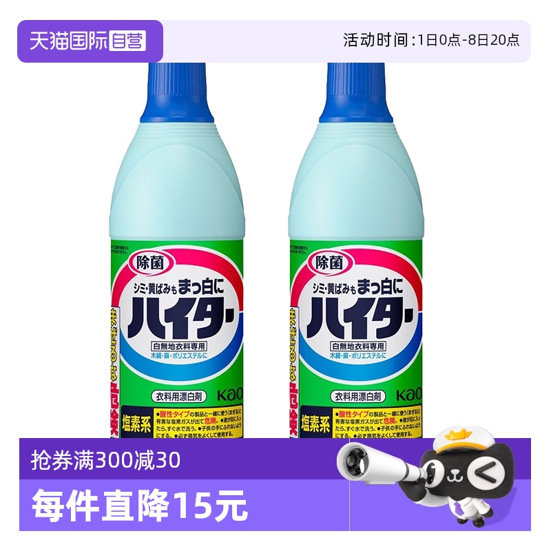 【自營】進口花王 增白去漬漂白劑白色衣服護色強效去黃600ml*2瓶
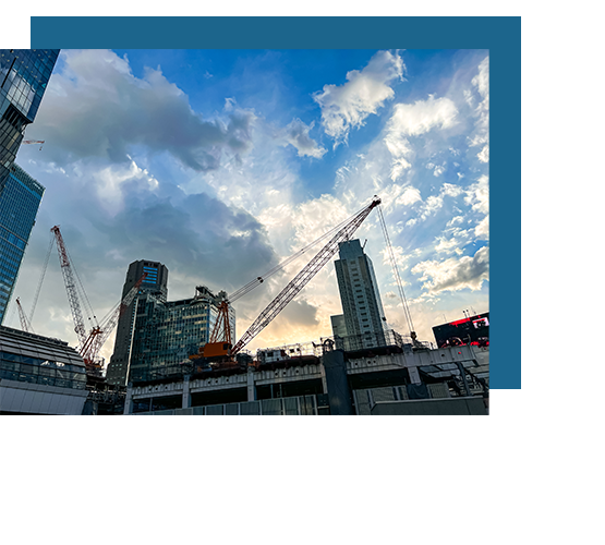 総合建設業とは、建築・土木工事を一式で発注者から元請として直接請負い、工事全体のとりまとめを行う建設会社のことです。各専門分野に長けた会社に仕事を割り振って、プロジェクトのリーダーとして工事が安全かつ予定通りに進行するように統括することが私たちの役割です。
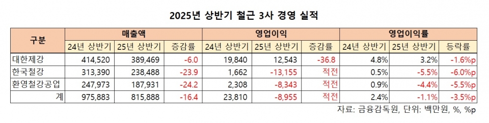 반면 한국철강과 환영철강은 올 상반기 20% 수준의 매출 감소와 함께 각각 132억원, 83억원의 대규모 영업손실을 기록했다.
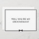 Ihren Trauzeuge zu Ihrer Hochzeitsfeier fragen war noch nie stilvoller. Unsere minimalistisch gestaltete Trauzeuge-Vorschlagskarte ist ideal für alle, die klassisches Design mit moderner Touch schätzen. Mit einer knackigen Schwarzweiß-Farbpalette und einem ausgeklügelten Bowtie-Detail verleiht diese Karte Ihrem Angebot an Hochzeitsfeiern eine zeitlose Eleganz. Ideal für den Bräutigam, der Dinge einfach und dennoch sinnvoll behalte. Passen Sie die Namen an, um Ihren besonderen Augenblick noch persönlicher zu gestalten. Egal ob Sie eine formelle Veranstaltung planen oder etwas Verlassenes, diese Karte passt zu jedem Anlass. Ihre Trauzeugen werden den durchdachten, maßgeschneiderten Ansatz Liebe geben.

****

» Required action
Once the line containing "반면 한국철강과 환영철강은" has been copied, stop; everything from the first line of the data up to it must be copied exactly, without pictures.

» Exercise result
 【自營】進口花王 增白去漬漂白劑白色衣服護色強效去黃600ml*2瓶
 総合建設業とは、建築・土木工事を一式で発注者から元請として直接請負い、工事全体のとりまとめを行う建設会社のことです。各専門分野に長けた会社に仕事を割り振って、プロジェクトのリーダーとして工事が安全かつ予定通りに進行するように統括することが私たちの役割です。
 반면 한국철강과 환영철강은 올 상반기 20% 수준의 매출 감소와 함께 각각 132억원, 83억원의 대규모 영업손실을 기록했다.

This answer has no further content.